= Parsissaet =

Local Greenlandic councils

The parsissaet, (sometimes translated as local councils or guardian councils) were a form of local council in Greenland between 1857 and 1911. They were created by the Royal Greenland Trading Department (KGH).

==1840 Commission==
In 1840, a government commission investigating the Greenland trade issued a report proposing that the KGH be operated on a non-profit basis, reïnvesting any surplus towards benefiting the native Greenlanders; this was accepted, although the company reserved the right to interest on the government's investment into Greenland. The prices paid for native goods – principally sealskins and whale blubber – were raised and expenditures on education (two teacher training colleges and scholarships for study in Denmark) and health care (an additional doctor) increased.

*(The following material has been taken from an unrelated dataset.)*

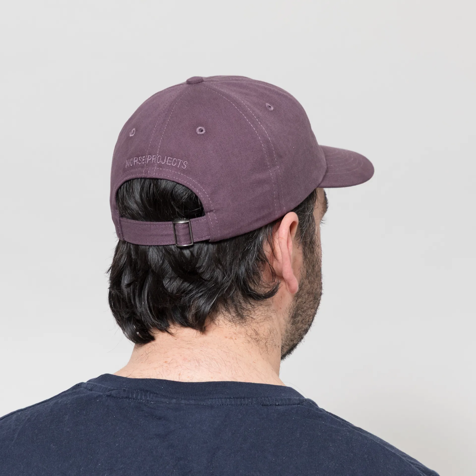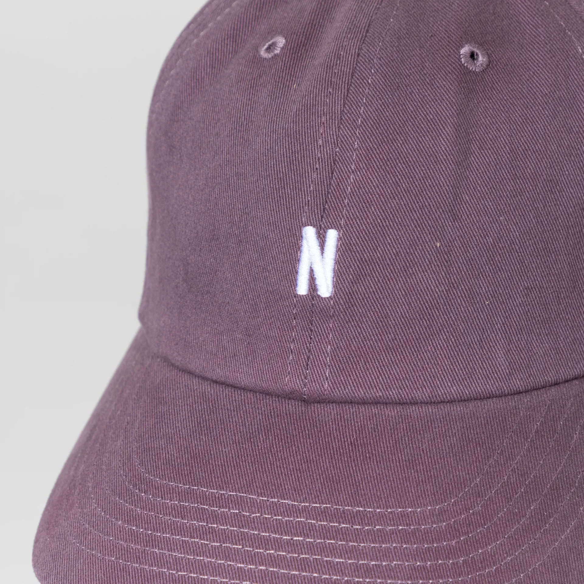A cap from Norse Projects made in the USA from 100% cotton twill with an embroidered logo to the front and script to the back, above an adjustable strap.

==Parsissaet established==
The parsissaet, headed by the local Lutheran priest and KGH factor and composed of appointed Greenlanders, were established experimentally in 1857 and permanently in 1861. The councils were granted control of one-fifth of the area's profits and in exchange took over poor relief, which had previously been the responsibility of the KGH. Profits left unspent by the parsissaet were divided among the local Inuit hunters on the basis of their catch.

==Jurisdiction==
The parsissaet also had jurisdiction over local civil suits and misdemeanors among Greenlanders, although felonies were simply investigated and left for the royal governor to decide. The only written laws were that the following actions were illegal:

1. Unauthorized use of property belonging to others, such as using their tools without permission; damaging such tools; keeping other hunters' catches without payment; taking possession of driftwood which another person had already dragged above the high water mark;

2. Simple theft and evident disobedience to the authorities;

3. Capital crimes such as manslaughter and other serious offenses such as the concealment of births.

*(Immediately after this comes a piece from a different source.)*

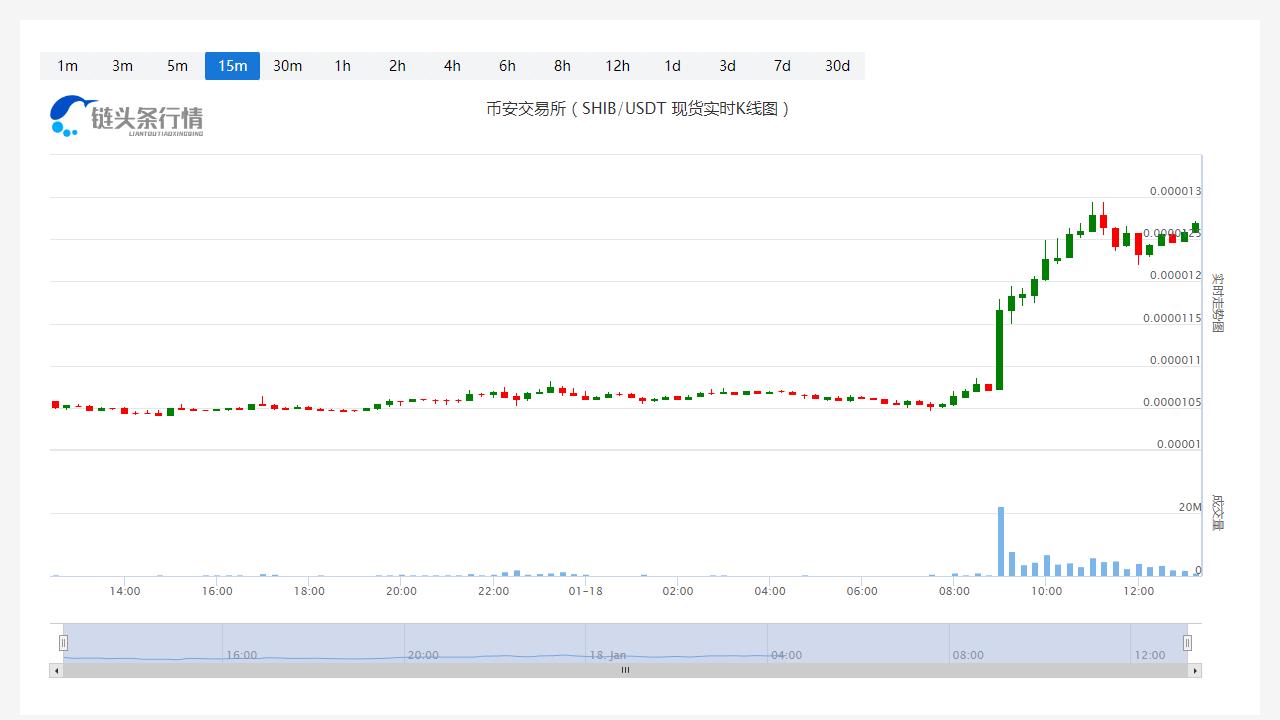 SHIB的价格每时每刻都有变动,要知道现在实时SHIB值多少人民币的话,最准的就是查看当天的SHIB实时行情价格, 20230118今日最新价格$0.0美元,折合人民币¥0.0 CNY。

In other cases, the law was customary, following Inuit traditions or decisions made by the administrators to address some new problem (for instance, the 1890 banning of Greenlandic women from boarding visiting ships after severe venereal disease outbreaks).

==Parsissaet dissolved==
The parsissaet were dissolved in 1911 during the process of the Danish Ministry of the Interior taking over colonial administration from the KGH; in their place, local municipal councils were created.